Ainsi, deux crises s’entrechoquent. Car si la planète suffoque, les comptes africains aussi étouffent: les conséquences économiques de la crise du Covid-19 et de la guerre en Ukraine ont durablement affecté les capacités de remboursement du continent. De nombreux eurobonds souscrits avant les crises successives arrivent à maturité. Dans le même temps, les taux d’intérêts ont explosé, ce qui empêche la plupart des pays africains de souscrire de nouveaux emprunts: la pirogue fuit, et les planches pour reboucher les trous sont devenus trop chères.
La Côte d’Ivoire fait partie des rares pays à garder la tête hors de l’eau, regagnant des marchés en ce début d’année. De quoi libérer la voie vers l’action climatique ? Le 5 juillet dernier, le pays organisait une table ronde aux côtés du FMI et de la Banque mondiale, concernant ses besoins en investissements verts. Et la somme requise est colossale: 22 milliards de dollars, soit 30 % du PIB ivoirien en 2022.
Les financements nécessaires à l’action climatique
Financements requis dans le cadre des engagements climatiques prévus par l’accord de Paris, appelées contributions déterminées au niveau national (CDN).
En milliards de $
L’insoutenable poids de la dette
Au total, la dette extérieure de l’Afrique s’élevait à 1 152 milliards de dollars en 2023. Rien qu’en 2024, le continent paiera 163 milliards de dollars au titre du service de la dette contre 61 milliards de dollars en 2010 selon le dernier rapport de la Banque africaine de développement (BAD). Or, pour sortir de l’impasse, chaque pays débiteur fait face à sa propre répartition de créditeurs publics et privés extérieurs: créanciers chinois, détenteurs d’obligations, mais aussi banques multilatérales de développement ou membres du Club de Paris se partagent le gâteau. Certaines dettes pèsent plus lourd que d’autres dans la balance: le Sénégal et la Côte d’Ivoire présentent des dettes publiques extérieures supérieures à 30 % de leur PIB, sans compter leurs dettes intérieures.

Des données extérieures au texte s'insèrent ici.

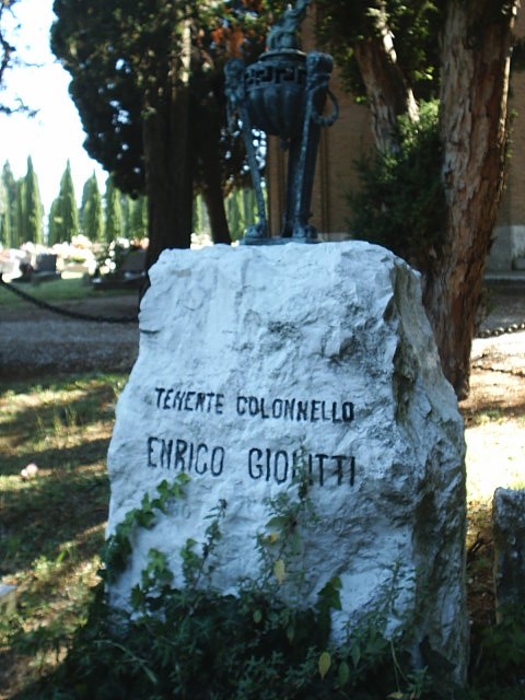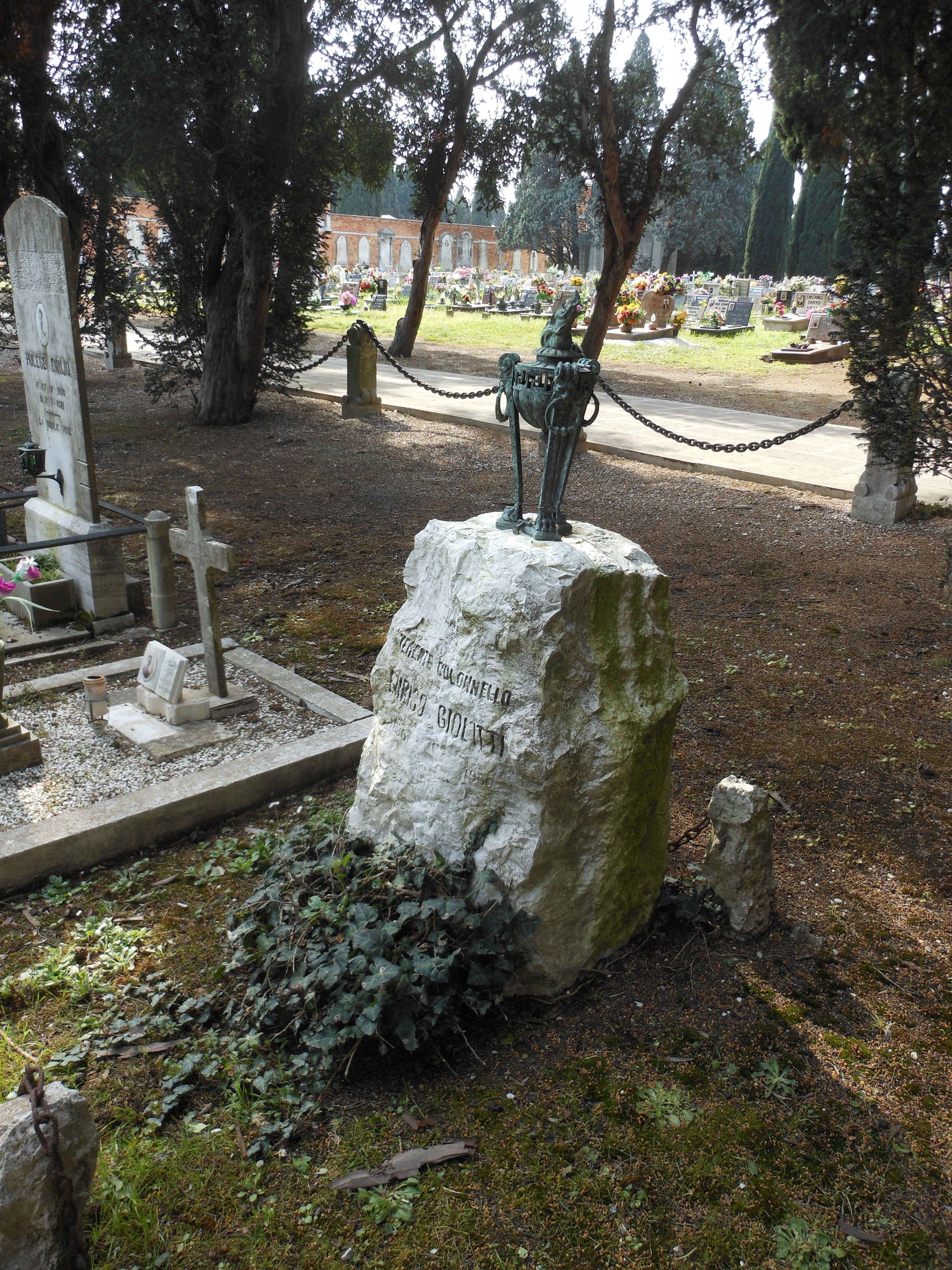 La tomba è costituita da una roccia grezza su cui è riportato inciso il nome del colonnello Enrico Giolitti e la sua data di nascita e morte. Sopra la roccia è posta una lampada votiva in bronzo. La tomba è delimitata da quattro pilastrini in roccia collegati tra loro da una catena ad anelli in ferro

Le cas de la Zambie est également parlant à plus d’un titre. Pour compenser les pertes agricoles dues à une sécheresse prolongée, le pays – en défaut de paiement de sa dette extérieure depuis 2020 – a dû importer de la nourriture, donc dépenser des dollars, ce qui a entraîné une dévaluation de sa monnaie. « Résultat ? Le remboursement de la dette est devenu encore plus difficile. Idem pour le financement de nouveaux investissements », résume Rebecca Ray, chercheuse au sein du Boston University Global Development Center. Mais pour sortir du surendettement, Lusaka devait parvenir à la difficile tâche de réunir ses créanciers à la même table pour restructurer sa dette. Avec 44 % de la dette zambienne due à des créanciers chinois, le Comité des créanciers, coprésidé par la Chine et la France, est finalement parvenu à un accord de restructuration de plus de 3,5 milliards de dollars. De quoi respirer avant la prochaine échéance.
Des pays à risques de surendettement
Si la différence entre la croissance et le coût de l’emprunt est négative, le pays risque un surendettement, ce qui l’empêche de contracter de nouveaux prêts destinés à protéger l’environnement.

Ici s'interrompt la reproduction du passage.